Today the Court of Appeal in Kostal UK Ltd v Dunkley and Others held that trade unions with collective bargaining rights cannot prevent employers approaching staff directly to try to agree temporary changes to their terms of employment where negotiations have broken down.
In 2015, Kostal entered into a recognition agreement with Unite. The company agreed that it would consult and try and seek agreement with the union before making any changes to the terms and conditions of its staff.
In October the same year, the company entered into formal pay negotiations with Unite and on 24 November offered to increase wages and pay a valuable Christmas bonus in exchange for making changes to sick pay for new starters, reducing Sunday overtime rates and consolidating two 15 minute breaks into a single 30 minute break. Kostal made it clear that the staff would not receive the bonus unless agreement could be reached before Christmas (this was in line with the policy of its parent company).
The union balloted its members who voted overwhelmingly to reject the offer.
In response, Kostal told the union it would write to its staff and ask them individually to agree to its proposals because otherwise it would run out of time to pay the bonus. It wrote directly to each employee and asked them to agree to the new terms and conditions by 18 December. Ninety one percent of the workforce accepted the new terms.
In January, it wrote to those who had not agreed to explain why it needed to make changes and to inform them that they might lose their jobs if they didn't accept the new terms.
Unite argued that Kostal had attempted to induce its staff to opt out of collective bargaining. Under section 145B of the Trade Union and Labour Relations (Consolidation) Act 1992 employers are prohibited from making offers to employees with the sole or main purpose of undermining collective bargaining.
Both the employment tribunal and EAT agreed that Kostal had offered employees unlawful inducements and awarded each of the 55 union union members fixed awards of £3,800 per breach. Both letters were treated as inducements so two separate awards were made to those employees who had received two letters.
This amounted to over £400K and Kostal appealed, arguing that it had never intended to induce its employees to opt out of collective bargaining - demonstrated by the fact that it continued to negotiate with the union and did reach an agreement on pay in November 2016.
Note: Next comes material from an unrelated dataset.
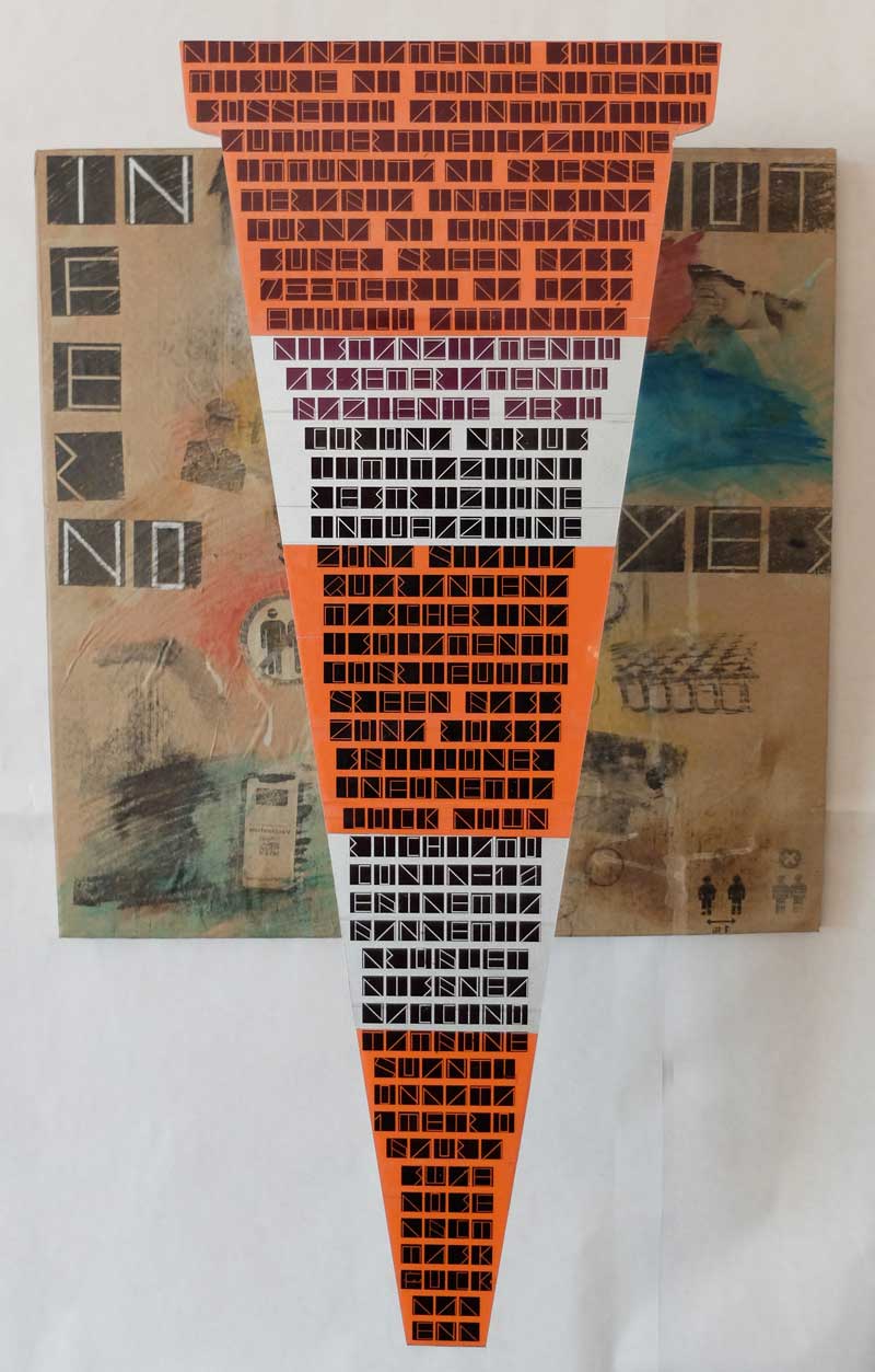 Interessante è l’affacciarsi di Dante da una parte e di Rauschenberg dall’altra sulla composizione centrale che, anche nei colori, mantiene toni bassi di rispetto e di piena sintonia, lasciando però al fruitore ampi spazi di lettura e di considerazione personale. Qualificanti in rapporto alla sua produzione e alla sua ricerca sono l’uso della candeggina su fustagno nero e di smalto stradale su asfalto nei due ritratti e l’applicazione in rilievo sulla tavola composita centrale di una figura di triangolo tronco capovolto, immagine mutuata dal cono stradale, che rimanda allo schema del succedersi dei gironi danteschi dell’Inferno dal primo cerchio del limbo al nono cerchio dei traditori.

Decision of Court of Appeal
The Court of Appeal agreed that Kostal had written to its staff to circumvent collective bargaining. But, it had not acted unlawfully because the changes were only temporary and "the members of the union were not being asked to relinquish ... their right to be represented by their union in the collective bargaining process". All that had happened was that Kostal had gone directly to the workforce and asked them whether they would agree to a particular term. Kostal was not anti union and had gone straight back to the negotiating table with Unite.
That got Kostal off the hook - although Unite have said it is applying to appeal to the Supreme Court, so this might not be the end of the story.
The court distinguished between the circumstances of this case and two scenarios which would be unlawful.
- Where a union is seeking recognition and the employer makes a offer to its staff with the 'sole or main purpose' of avoiding their terms being determined by collective agreement.
- Where the employer already recognises the union, but makes an offer to its staff with the 'sole or main purpose' that the terms of their employment won't continue to determined by collective agreement (in other words the arrangement would be permanent).
Our expert, Kirsty Ayre says this decision will come as a relief to all large unionised employers who can now, potentially, communicate directly with their staff where collective bargaining has reached an impasse - provided they are not attempting to undermine the entire process.
Many employers have become very risk adverse and have agreed to union demands rather than face the possibility of having their decisions scrutinised by employment tribunals - not least because of the huge penalties involved if they get it wrong. Awards are fixed and tribunals can't reduce them like they can in other claims - even if they have sympathy with the employer.
However, whilst this decision is encouraging, there are still questions that will arise in other cases that are more difficult to answer. For example, what happens if pay negotiations break down for a second or third time? Can the employer still write to its staff directly without risk if the changes are temporary rather than permanent? Until we know the answers to these questions, many employers may prefer to err on the side of caution before writing to staff more than once.